Proximal femoral osteotomy for the treatment of hip arthritis in young adults

Background : The outcome of proximal femoral osteotomy for hip arthritis in young adults performed at the Wellington Hospital (Wellington, New Zealand) was reviewed. Methods : Seventeen patients underwent 21 proximal femoral osteotomies for the treatment of hip arthritis at Wellington Hospital between 1992 and 1999. Thirteen patients (17 hips) were contacted and were able to complete a questionnaire form specific for hip pain and function.
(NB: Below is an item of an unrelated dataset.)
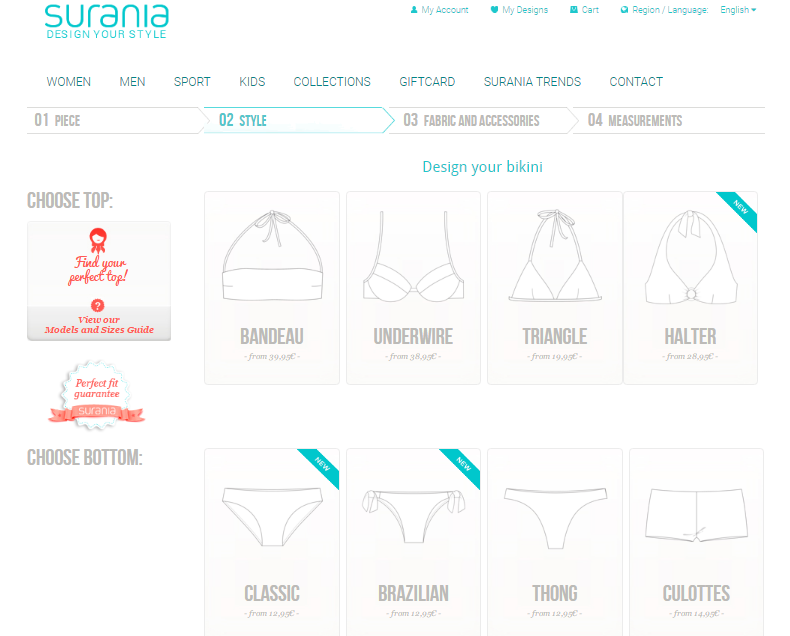 A cool thing about Surania is that every season, they offer new swimwear selections. Surania offers over 8,000 possible combinations for a customized bikini or swimsuit!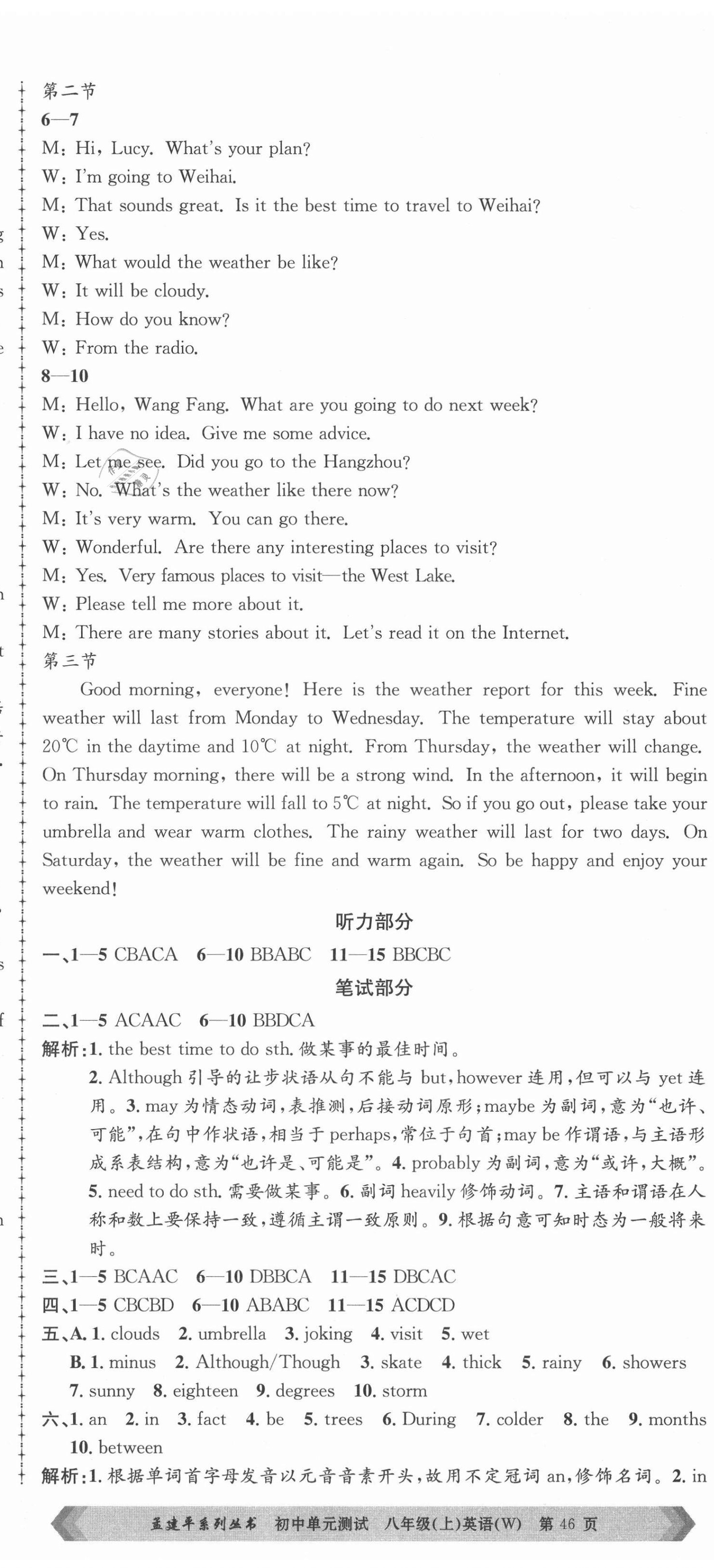 注:目前有些书本章节名称可能整理的还不是很完善,但都是按照顺序排列的,请同学们按照顺序仔细查找。练习册 2021年孟建平单元测试八年级英语上册外研版 答案主要是用来给同学们做完题方便对答案用的,请勿直接抄袭。

Results : There was a response rate of 76.5% (13 out of a possible 17 patients undergoing proximal femoral osteotomy) at a mean 3 years 4 months postoperatively. Of these, one patient has had a total hip joint replacement and one patient is currently on the waiting list for a total hip joint replacement. Three other patients (three hips) report moderate or severe hip pain. The remaining eight patients (12 hips) report having mild or no hip pain. Questionnaire results show a postoperative decrease in hip pain in most patients. Hip function as assessed by the questionnaire was essentially unchanged. Conclusions : Proximal femoral osteotomy is a satisfactory option for young patients with degenerative hip arthritis. The operation is only likely to be useful in the treatment of pain.